Monday, September 16, 2002

Hail Margaret Cho!

Surely one of the funniest people alive, she is now playing at your local theater in Notorious C.H.O. Raunchier than I'm the One That I Want--and, to me, not quite as good--the film of the Seattle concert is nevertheless a piece of comic brilliance. Cho explores menstruation (what if straight men had periods?), colonics, sex clubs, self-absorbed boyfriends, and--of course--the wisdom of her hilarious Korean mother. Though she has an enormous gay following, Cho's appeal is to anyone who is outraged with the world the way it is, but who is also ready to laugh uproariously at it. I was in tears through most of the film, and the few segments I found only moderately funny were a relief: I needed to wipe my eyes and give my lungs a break.

As hysterically funny as the first film, I'm the One That I Want is, the book by the same name is a marvelous treat. Cho is a gifted writer, and every page has laugh-out-loud lines.

Perhaps the best thing about Cho is that she has taken all of the dreaded ism's--racism, sexism, homophobism, fatism--dusted off their media-dredged dreariness, and re-exposed them for the horrors they are. Horrors that, in the light of Cho's genius, are some of the funniest things you'll ever see or hear.

Friday, September 13, 2002

Non sequitur of the Millenium (so far): The state has been organized in such a way that people should be comforted.
Jeb Bush
Governor of Florida


Thursday, September 12, 2002

Poor Rebekah Revels. The original Miss North Carolina has been booted out of the bimbo competition by a judge's ruling that leaves the decision up to the pageant officials. This clears the way for Misty Clymer (no one could make these names up) to represent the state in the Miss America contest. Revels resigned when a former boyfriend revealed that he had taken semi-nude photos of her. She says she didn't know he was taking the pictures and therefore she is "innocent."

Gag me with a mascara wand. First of all, it is disgusting that there is still a Miss America pageant. Pageant officials can talk until they're blue in the face about the scholarships, but the pageant remains an institution that views women as decorative objects to be put on show and judged by superficial standards that would never be applied to men.

Then there is the matter of Revels' "innocence." Okay, maybe she didn't know her boyfriend (some friend) was taking pictures of her.
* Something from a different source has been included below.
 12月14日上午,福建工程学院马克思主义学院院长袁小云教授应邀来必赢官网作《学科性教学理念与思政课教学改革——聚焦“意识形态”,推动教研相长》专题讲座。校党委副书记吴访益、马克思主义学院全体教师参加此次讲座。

But who cares if she did? Why, in 2002, does a woman have to swear that she didn't know her partner saw her breasts? And why do young women think it is an honor to be in this pageant?

Wednesday, September 04, 2002

If you think the Women's Movement (remember the Women's Movement?) has changed stupid cultural attitudes, you haven't been paying attention to Gwyneth Paltrow. Paltrow said in a recent interview that she would never ask a man out because she is "freaked out" by "forward women."
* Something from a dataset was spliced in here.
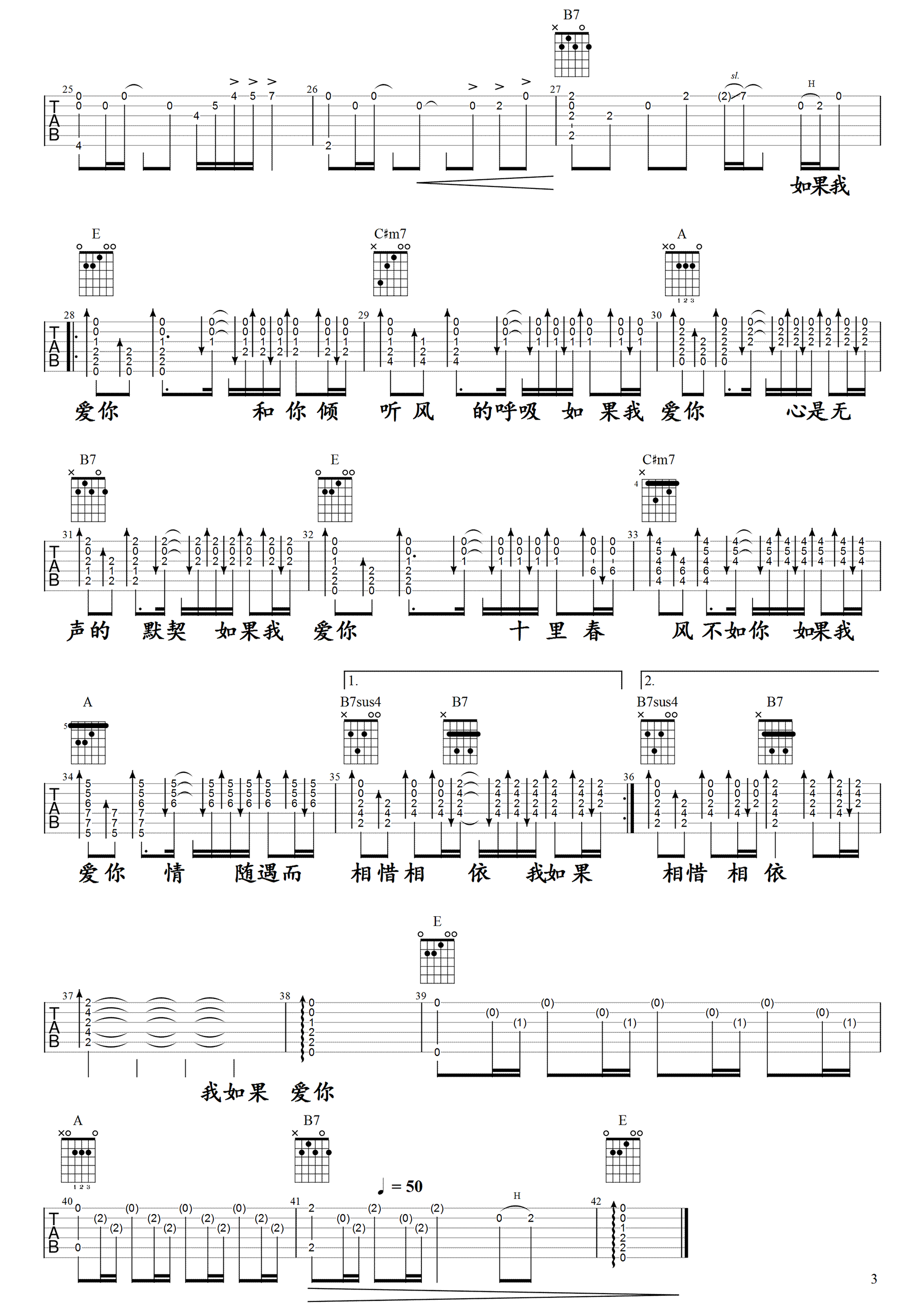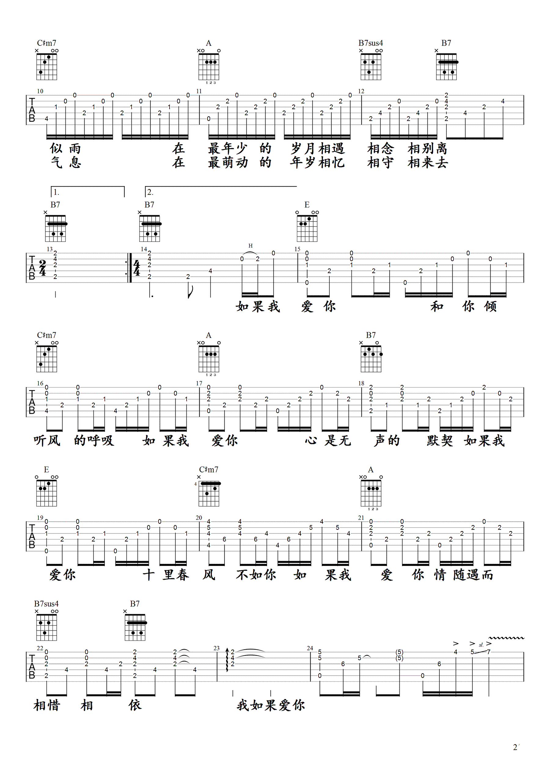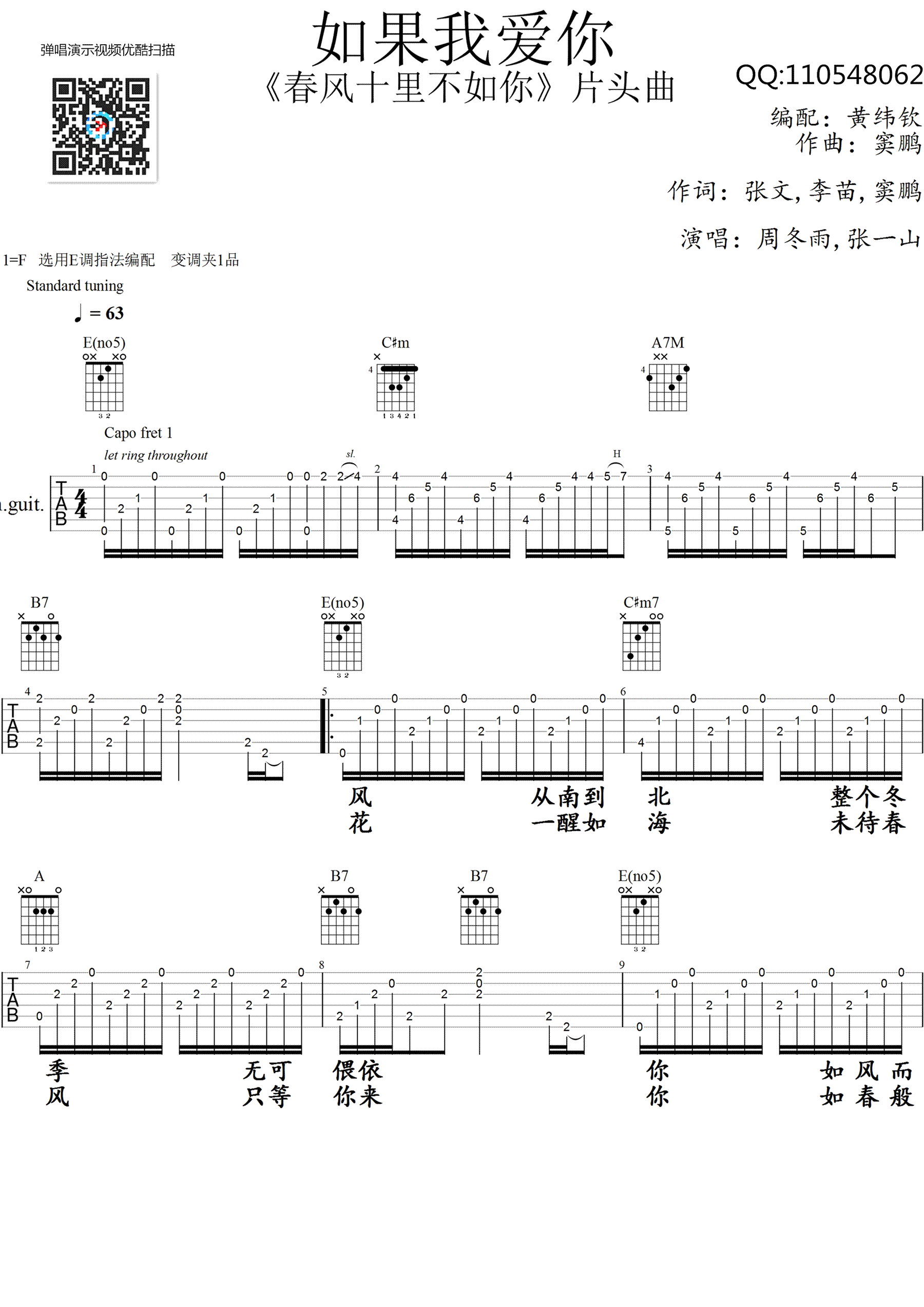 曲谱介绍: 如果我爱你吉他谱,张一山周冬雨演唱,电视剧《春风十里不如你》主题曲,如果我爱你六线谱,原调F,选用E调指法编配,变调夹夹一品。三张高清图片谱,感谢黄纬钦编配,91吉他谱网站整理上传。 淡淡伤感的歌声动人心弦,将相互倾心却彼此小心试探倾诉的感情,细腻柔美的表达。弹唱起这首歌曲,有没有让你回想你深爱的那么的一个人?

It is amazing that a woman with such an abundance of talent in a field requiring intelligence and sensitivity could believe that inviting a man to dinner is "forward." She probably thinks the man has to pay for the dinner and order for her, too. These are the attitudes of the 50's and 60's that kept women "in their place," which is to say, submissive. Don't beat boys in sports. Don't show any romantic interest in them until they show it first. Don't give up your virginity until you're married. Don't pursue a career, and if you must, remember that it isn't as important as your husband's.

Women's fear of being thought aggressive when they are only conducting transactions in a normative manner is well-founded; I'll give Paltrow that. When a man takes charge, he's called a leader. When a woman takes charge, she's called "unfeminine." But fear of being judged by ignorant standards is a poor excuse for being less than who you are.

Sunday, September 01, 2002

Some people say that irony is dead. Don't you believe it. Just today, I discovered that someone had published one of my essays without my permission, which is, of course, illegal. Not only that, but the offending party failed to credit the original publication.

Here's the good part: the essay was about maintaining appropriate boundaries.

And did I mention that the illegal publisher is a respected religious organization?

Churches have a lot to learn these days.